Business Activity Expanded
Tenth District services activity rose slightly in November but still lagged year-ago levels, while expectations for future activity increased (Chart 1 & Table 1). The indexes for input and selling prices continued to grow, but at a slower pace than a month ago. Firms expected input and selling prices to increase in the next six months.
The month-over-month services composite index was 10 in November, slightly lower than 12 in October, but up from -7 in September (Tables 1 & 2). The composite index is a weighted average of the revenue/sales, employment, and inventory indexes. Month-over-month indexes were somewhat mixed in November. The general revenue and sales index remained positive, driven by more wholesale, transportation, professional, technical, and health services activity. However, auto, tourism, and restaurant activity declined. The inventory and access to credit indexes dipped back into negative territory, while the indexes for employee hours and parttime employment were flat. On the other hand, the employment, wages and benefits, and capital expenditures indexes were positive, indicating expansion. Year-over-year indexes remained negative in November, but slightly less so, as the year-over-year composite moved from -19 to -16. Expectations for future services activity increased, and the composite index expanded from 7 in October to 13 in November.

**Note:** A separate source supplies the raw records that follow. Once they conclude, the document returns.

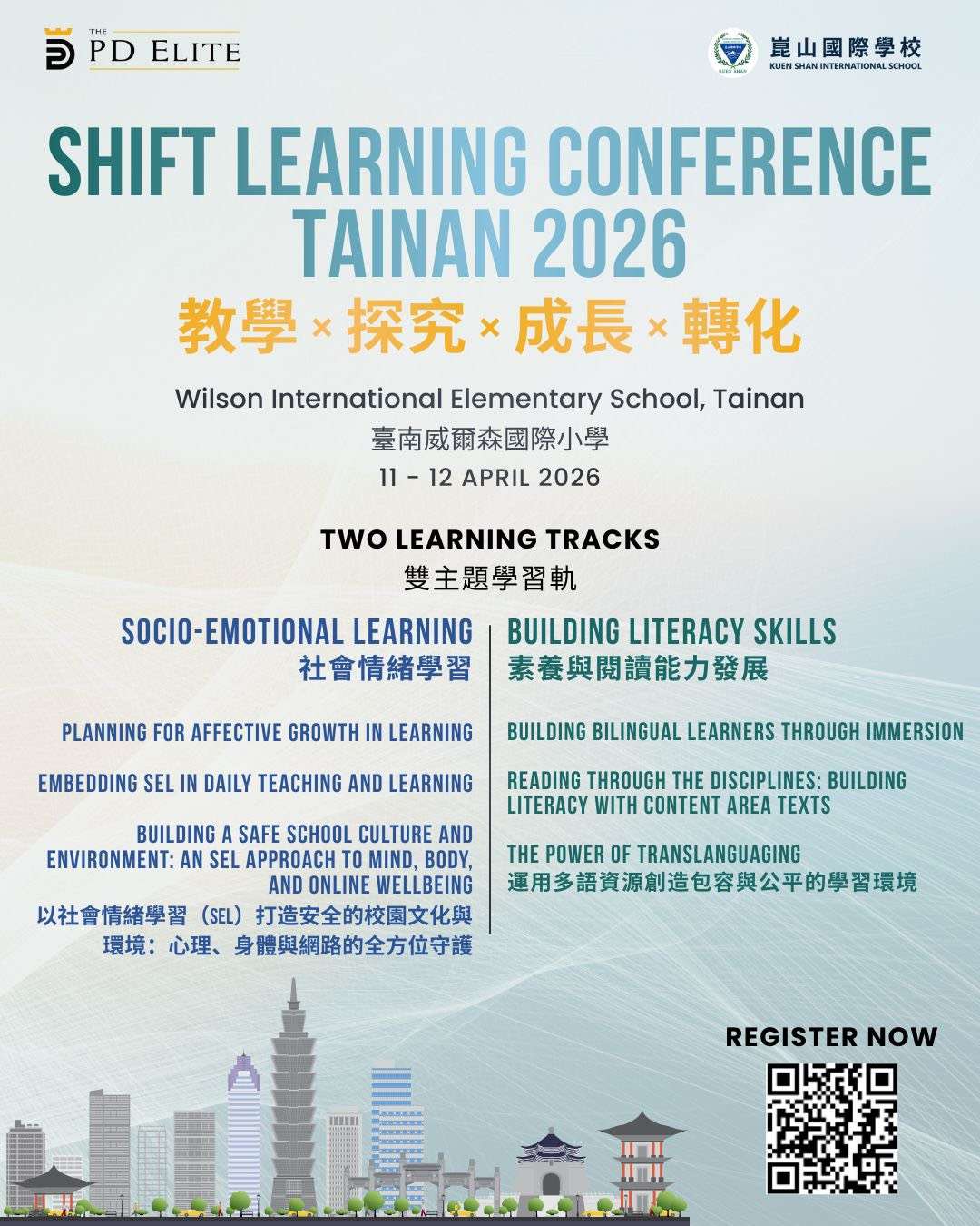 | 三、 | 本校為促進教師專業發展並引進國際教育專業資源,特與PD-Elite合作共同辦理《Shift Learning Conference Tainan 2026》國際教育研習活動,研習訂於2026年4月11日至4月12日於臺南市威爾森國際國民小學(Wilson International Elementary School, Tainan)舉行,為全臺灣少數為所有學習階段教育工作者辦理的全英語研習,機會難得。 |
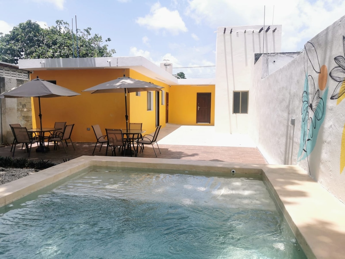 Small and cozy villa with contemporary Mexican design, with everything you need for long and short stays, ideal for resting or home office. Equipped with a full kitchen, living room, bathroom with hot water, air conditioning, fans, high-speed Wi-Fi, private patio with trees, swimming pool and shared laundry within the facilities. Excellent location, a few steps from Paseo Montejo near Walmart, banks, bars and restaurants.
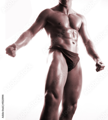 strong muscle man in sepia on white background
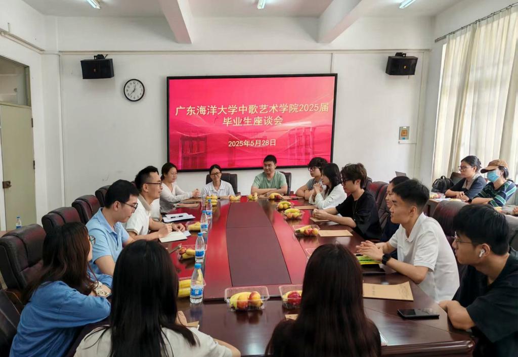 在美术楼208会议室召开2025届毕业生代表座谈会。学院党委副书记翟周、毕业生辅导员谢维杨、胡海玲、冯勤辉以及毕业生代表参加了会议,会议由分管毕业生辅导员冯勤辉主持。
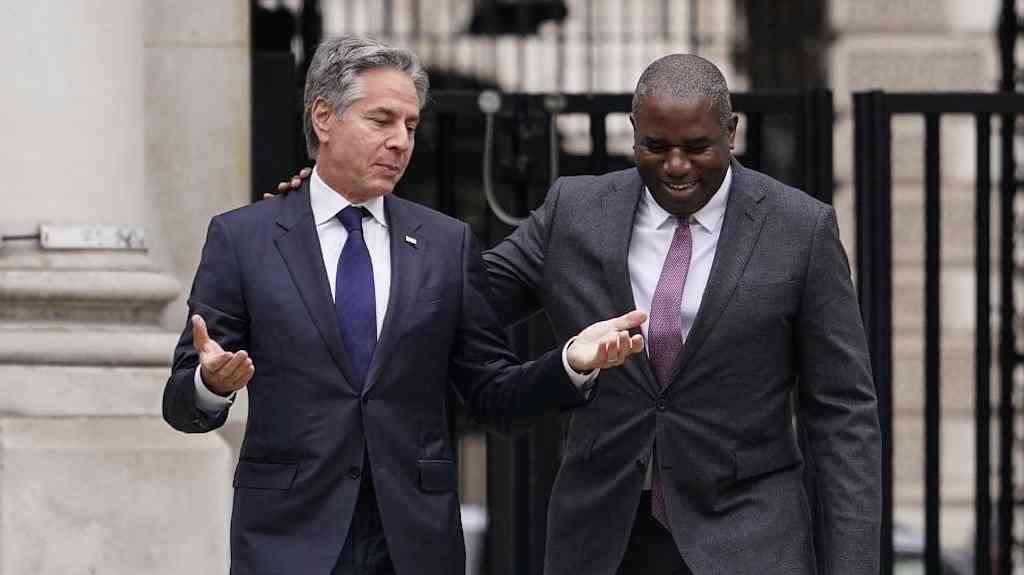 Blinken iniciou na segunda-feira uma visita ao Reino Unido para compartilhar com o novo governo britânico do primeiro-ministro trabalhista Keir Starmer a determinação de ajudar a Ucrânia e resolver suas diferenças sobre Gaza.
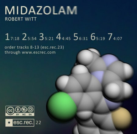 Zo ook de nieuwste van Robert Witt. Er staat de helft van een aantal composities op. De eerste zeven tracks passeren met ieder vier seconden stilte. “Download ‘Midazolam’ tracks 1-7 (esc.rec.22) for free through www.escrec.com“, zegt het hoestekstje.
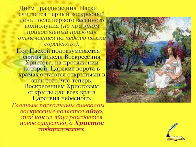 Слайд 6Днем празднования Пасхи считается первый воскресный день после первого весеннего
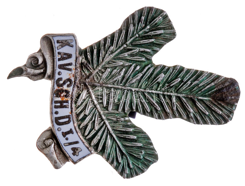 Leírás: Osztrák-Magyar Monarchia ~1915. "I./4 Lovas Lövész Osztály" zománcozott fém sapkajelvény (37x30mm) T:2

|Date||Vs. a Year Ago||Vs. a Month Ago|
This month contacts were asked special questions about hiring restraints and how developments surrounding COVID-19 have affected online business strategies. Nearly half of businesses reported an inability to find skilled workers and the lack of qualified applicants was one of the biggest factors restraining hiring plans (Chart 2). A majority of firms also restrained hiring plans due to uncertainty about the pandemic or Coronavirus related regulations, and nearly 45% of firms restrained hiring plans to keep operating costs low. Concerning online business, over half of businesses indicated that developments surrounding COVID-19 affected their company's online business strategy. Nearly 40% of firms expanded their existing online business, while 11% implemented an online business segment, and 15% of firms have plans to create an online segment in the future (Chart 3). About a quarter of firms made no changes to their existing online business, while another 10% do not have an online business and have no plans to implement one in the future.
Selected Services comments
“The uncertainty around governmental programs to help businesses with COVID issues has caused apprehension across our business and industry. Changing or unclear rules on employment makes decisions on hiring or laying off employees challenging.”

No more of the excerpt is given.